With the vast amount of options that ArcGIS for Developers provides to its users, it seems that any application can be created to meet the exact specifications of any client. Those who may be more adept or more comfortable with programming every step from scratch may feel that templates or the convenience of the Web App Builder on ArcGIS Online are the easy way out.
However, what can often appear as an endless frontier of possibilities can often bog down projects, slowing down the time it takes to create maps. If programming is over exploited – it not only results in overall time lost – it can cause a waste of service credits. While there are aspects of ArcGIS Online’s templates could benefit from more options to edit code, always starting from scratch is often an effort in postponing the results of a project that could be realized in a much shorter time frame.

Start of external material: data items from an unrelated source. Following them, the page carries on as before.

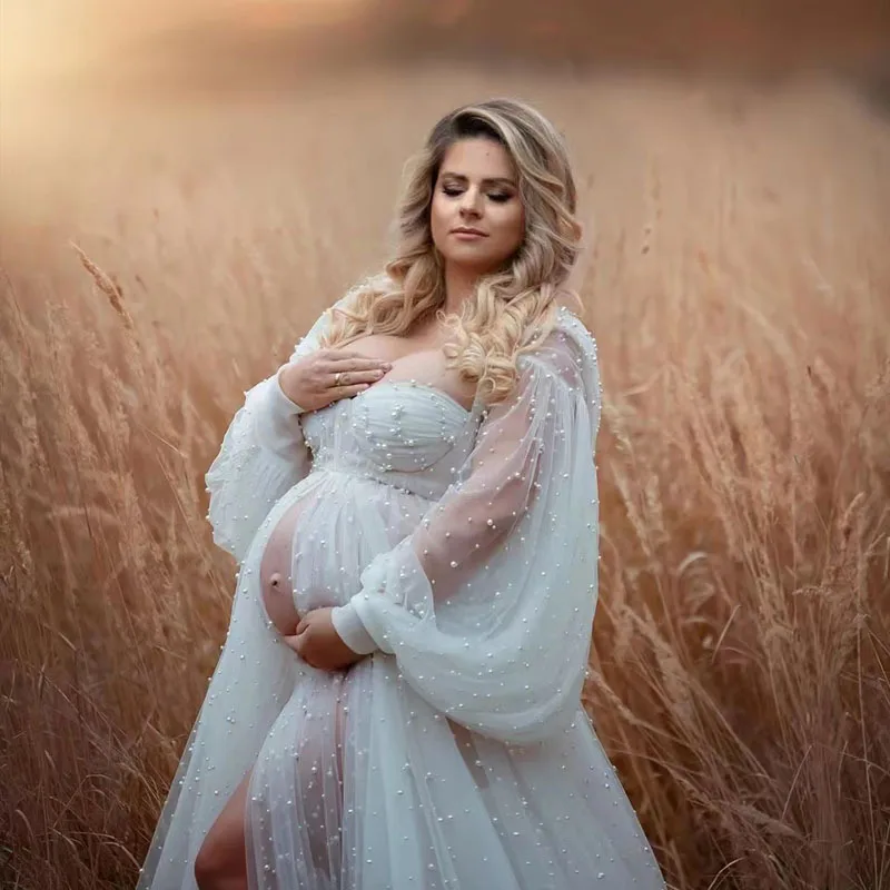 Maternity Photography Props Dress Dense Pearl White Yarn Maternity Photography Clothing Babyshower Gown Photo Shoot Pregnant
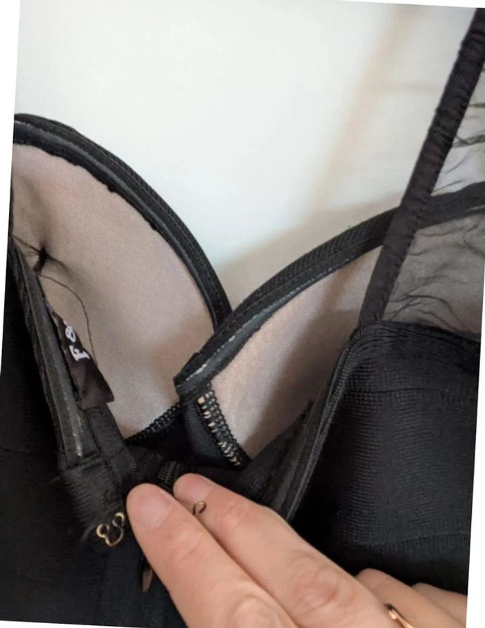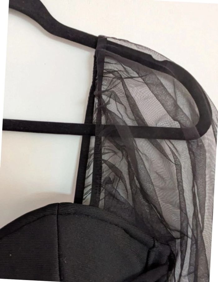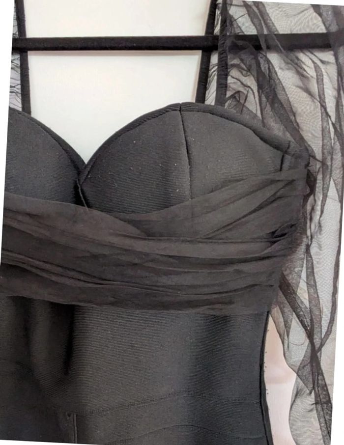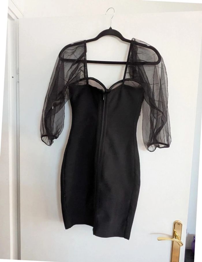 Magnifique robe de soirée Coupe moulante, près du corps Des manches vaporeuses en voile transparente qui donne toute son originalité a la robe Fermeture éclair dans le dos En taille M #blackdress #f&p
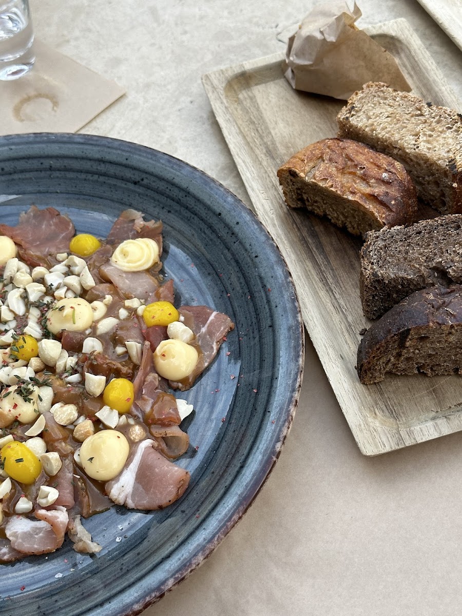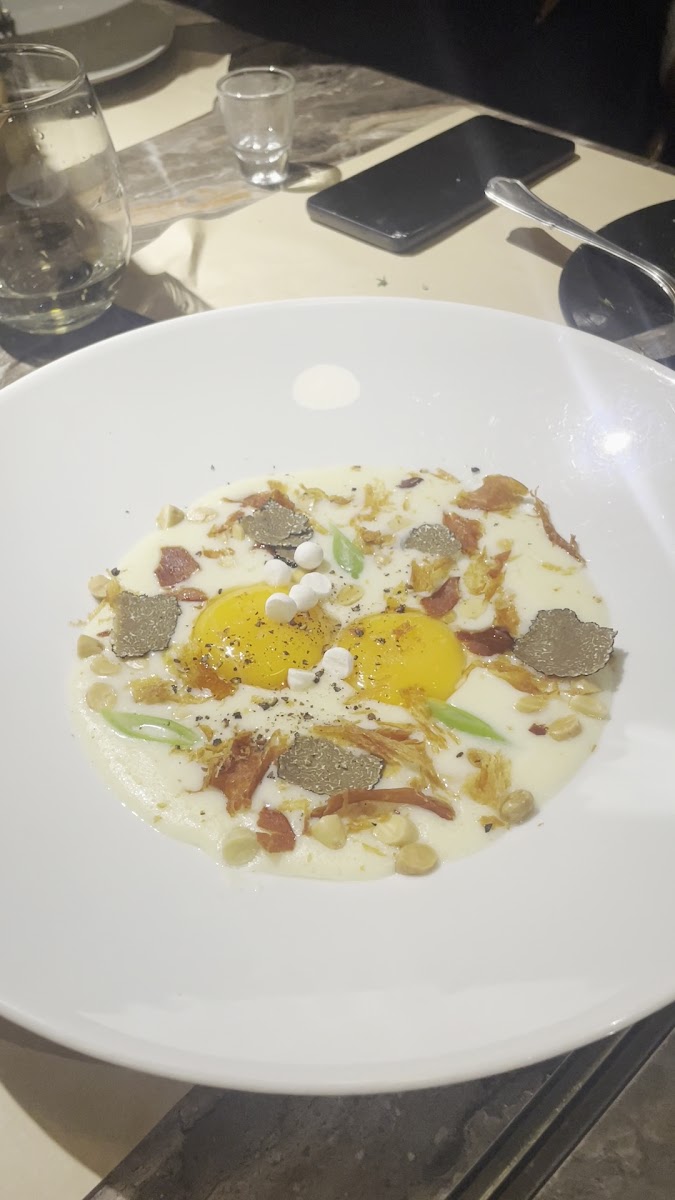 Cretan based elevated greek cuisine of amazing quality. First of all, all servers were smiling, kind and very helpful with knowledge and opinion of the food. The first dishes/starters were all magnificent. The dakos shot was extremely impressive as it has all flavour concentrated in two bites. We loved the apaki carpaccio, the soft eggs and the gamopilafo that had a rich meat and buttery flavour. Even the bread was fresh and delightful! Unique flavours, that have been created with a lot of effort and love, without missing any originality of the Cretan cuisine. The ravioli felt more like a starter to us, however they had a fresh cool flavour. Portions and prices are as expected for a place like this. We had a lovely experience. There is also an option on the menu for a gastronomic tasting!

In many ways, the forced implementation of coding in the creation of maps often serves as a method of gate-keeping those interested in working with geospatial information systems, or those who may have a different perspective on conveying geographic data. While more of these pre-constructed applications are pushed aside in favor of development, the more individuals who could bring unique aesthetic sense into the field could be discouraged.
When approaching a GIS project, it’s important to ask whether the data in question requires a tailor made map to present it. Could it easily be conveyed in a preset application, or assembled together in a story map? GIS departments could benefit from reorganizing this workflow in a way that promotes the often ignored synergistic aspects of a diversely skilled staff.